# New Ruger LC9s owners



## rick9748 (Nov 12, 2014)

First 100 rds., at 10 yds. no problem staying in 2 in. circle, take your time.Reset, make sure you get the feel of the reset, 4 times I pulled to short and nofire.Very nice gun for the size.
Rick


----------



## ludville1 (Jan 24, 2016)

I just got one. I haven't shot it yet. I ordered a Lasermax (red) and a spare clip for it. So far I've got a box of Remington UMC 115 gr. (50 rds.), and a box of Hornady American Gunner 115 gr. (25 rds.).
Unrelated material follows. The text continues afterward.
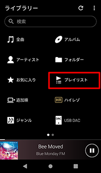 [W.ミュージック]のライブラリートップで[プレイリスト]−

I'm anxious to get out and shoot it, nice little gun.


----------



## rick9748 (Nov 12, 2014)

Follow up
Another 100 rds. fired today had some problems: 1-Trigger is rubbing into bottom of pad on trigger finger formed a blister before finished 100 rds.It did this the first time but I thought it was just from being a new gun.I have a medium size hand and the trigger is simply to short.Compared to Shield which is much more comfortable.2-Mag release; with shooting grip you can not push release in far enough for mag to release.You must rotate gun an push in flush with frame.You would not want to reload in a gun fight.
None of this is going to matter if you only need it to carry and shoot 7 rds.It is very easy to conceal and runs and shoots well but I like to shoot my guns with no limits.


----------